Convert QIIME files into Oligotyping format

Written by James Meadow - Sept 15 2014


If you are also using QIIME:

This simple python script subsets QIIME-formatted files by taxonomic name.

The resulting sequence files (single taxon fasta) can be used for Oligotyping analysis.

The input files:

  • tax_assignment.txt file resulting from assign_taxonomy.py
  • otu_map.txt file resulting from QIIME OTU clustering. This has a numeric OTU ID followed by tab-separated sequence IDs. This will be subsetted to contain only entries matching correct taxonomy.
  • Taxonomic name. For instance, could be 'Firmicutes'. In fact, if you try it with the tiny example files, you should use that. Resulting files will have this name as a prefix.

usage:

python q2oligo.py tax_assignment.txt otu_map.txt 'Firmicutes'

Results:

  • Firmicutes_taxonomy.txt = OTU IDs followed by GreenGenes taxonomy.
  • Firmicutes_otu_map.txt = OTU map with only seqs matching the name given.

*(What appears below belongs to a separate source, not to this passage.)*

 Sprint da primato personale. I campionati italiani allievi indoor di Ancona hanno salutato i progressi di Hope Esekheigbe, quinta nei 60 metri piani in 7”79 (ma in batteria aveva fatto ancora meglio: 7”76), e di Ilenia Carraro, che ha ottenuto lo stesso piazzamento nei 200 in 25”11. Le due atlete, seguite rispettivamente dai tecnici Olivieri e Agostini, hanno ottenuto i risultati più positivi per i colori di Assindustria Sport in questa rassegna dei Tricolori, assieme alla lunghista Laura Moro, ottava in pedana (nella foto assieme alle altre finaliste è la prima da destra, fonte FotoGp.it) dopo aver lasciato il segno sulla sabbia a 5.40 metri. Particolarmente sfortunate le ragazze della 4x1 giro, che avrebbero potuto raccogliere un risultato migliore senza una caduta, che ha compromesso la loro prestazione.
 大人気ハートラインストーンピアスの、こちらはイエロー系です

The resulting subsetted OTU map can then be used in a
QIIME command to make a new subsetted fasta file. e.g.:

filter_fasta.py -f seqs.fna -m Firmicutes_otu_map.txt -o Firmicutes.fasta

And then, since QIIME retains all of the sequence header information, use the stripMeta.py script to strip the extra metadata from the sequence header:

python stripMeta.py Firmicutes.fasta Firmicutes_stripped.fasta

Now the fasta file is ready to be used in the Oligotyping pipeline.

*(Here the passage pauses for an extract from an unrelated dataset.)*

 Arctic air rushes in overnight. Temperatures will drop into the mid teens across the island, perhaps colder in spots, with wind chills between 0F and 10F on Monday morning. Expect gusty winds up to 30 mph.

Or use the script as standalone without QIIME:

You can also pass a sequence file to this script (which is much slower than QIIME). The q2oligo.py can be used alone to run the entire conversion. The only reason to do this is if you don't have QIIME installed, or if your sequence file is quite small (<1gb).

usage:

python q2oligo.py tax_assignment.txt otu_map.txt seqs.fna 'Firmicutes'

Results:

  • Firmicutes_taxonomy.txt = OTU IDs followed by GreenGenes taxonomy.
  • Firmicutes_otu_map.txt = OTU map with only seqs matching the name given.
  • Firmictues.fasta = fasta sequence file containing only sequences matching these OTUs.

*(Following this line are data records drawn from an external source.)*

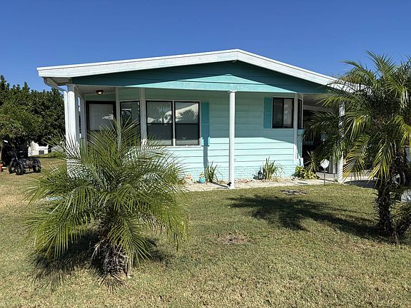 Location and the view cannot be beat! It doesn't stop there! This oversize 2/2 has the space and character that will make you feel right at home. From the premium laminate flooring throughout to the tile in the sun room, you will not be disappointed! NO CARPET! The kitchen has beautifully newly painted blue cabinets that look great with the stainless steel appliances. On one end of this wrap around kitchen you have a breakfast nook with windows and on the opposite end a dining area that overlooks the spacious living area. This layout is a great space for entertainment. The laundry room is tucked away in a large hall closet, INSIDE! Both bedrooms are spacious! The master bedroom has an over-sized walk thru closet behind a set of mirrored slider doors. The master bath has not one but two sinks! Grab bar on the wall and a walk-in shower. The guest room does not disappoint in size either. Also, a walk-in closet. The guest bath has tile floors and a full bath! Saving the best for last is the sun room! Not like any other! This sun room has a fireplace! Windows wall to wall, A/C and tile floors! This is just not a room this is extra living space you can use for just about anything! This space exceed expectations until you notice how large the carport is!! This DOUBLE partially covered carport can fit multiple vehicles and your golf cart! The home sits beautifully on a corner lot facing the club house! This home comes PARTIALLY FURNISHED. See you soon!! Located in the very desirable 55+ Foxwood Village, a Spectrum Community with 250+ Channels and 4 mbps high speed internet. Foxwood Village is an active 55 community that is pet friendly and offers great amenities like: Clubhouse with too many Social Activities to mention, Dog Park, Exercise Room, Pickle Ball Court, Corn Hole, Putting Green, Fire-pit, Heated Pool, Tiki Huts, Rec Room, Hot Tub, Showers, Dry Sauna, Billiards/Game room, Security Cameras, Social Clubs! Conveniently located near shopping, restaurants, medical facilities and just a short drive to popular Florida attractions! All homes are sold 'As Is' without warranties or guarantees by the seller and/or Broker. All listing information is deemed reliable but not guaranteed and should be independently verified through personal inspection and/or by appropriate professionals. The buyer assumes full responsibility for obtaining all current rates of lot rent, fees, or pass-on costs associated with the community, park, or home from the community/park manager.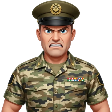 drill sergeant character wearing a classic sergeant hat and a camouflage army shirt. The character should have an angry intense expression. full torso emoji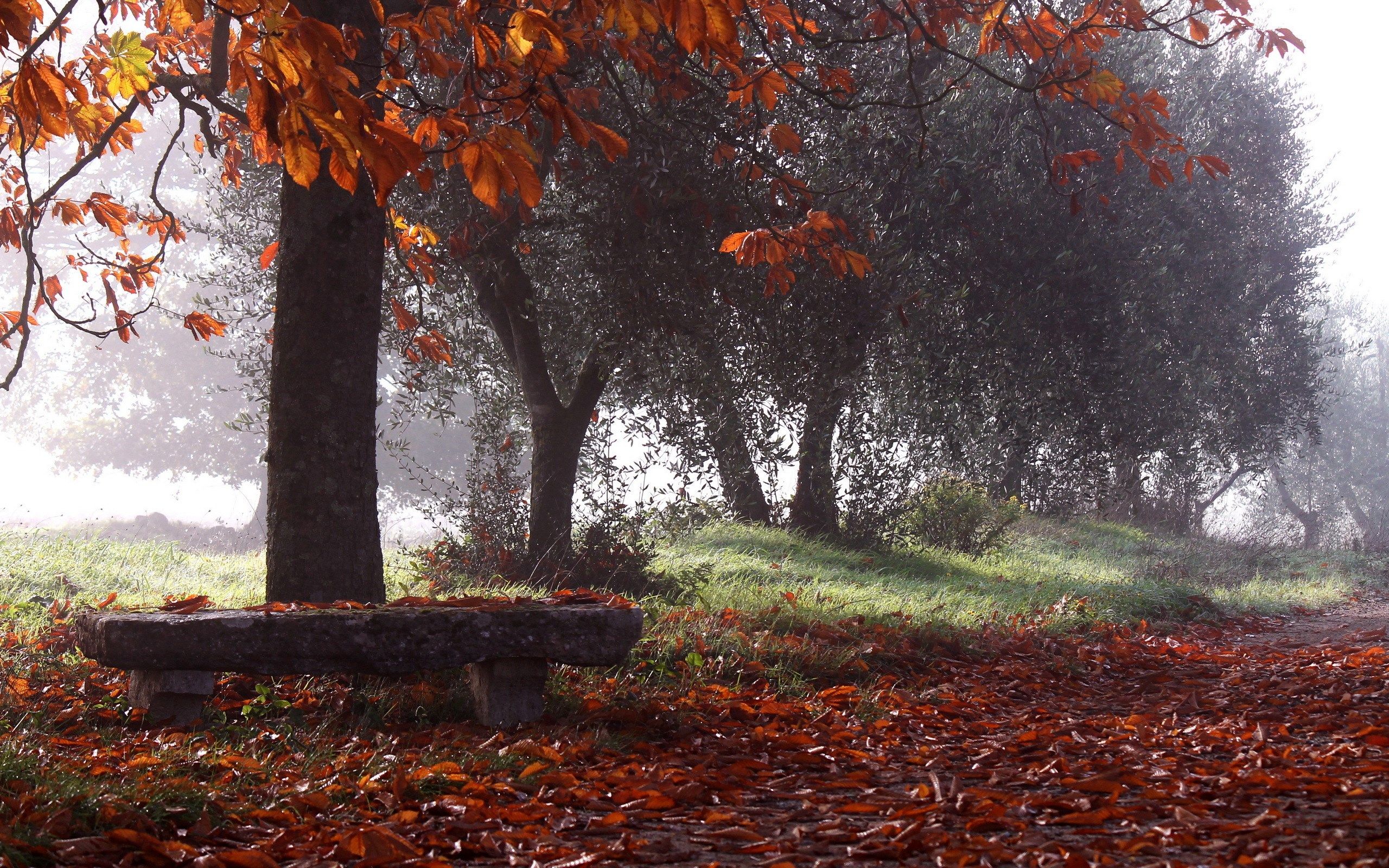 США дорога, осень, дождь, туман, листва, лес, деревья, свет, HD обои- USA

Any deviation from these 3 or 4 arguments, in the correct order, passed to q2oligo.py will fail and exit with directions.


Update November 28 2014

This script is now compatible with Open Reference OTU Picking.

Two bugs were fixed:

  • Previously the script ignored OTU ID prefixes added during open reference OTU picking in QIIME. This was fixed, so that all OTUs are carried through the process, regardless of their prefix.
  • The old script assumed that all OTUs were found in the OTU map, but if used with a subset OTU map (such as an mc2 default where singletons are removed), the script will now indicate a lower number of OTUs were written to the new taxon OTU map.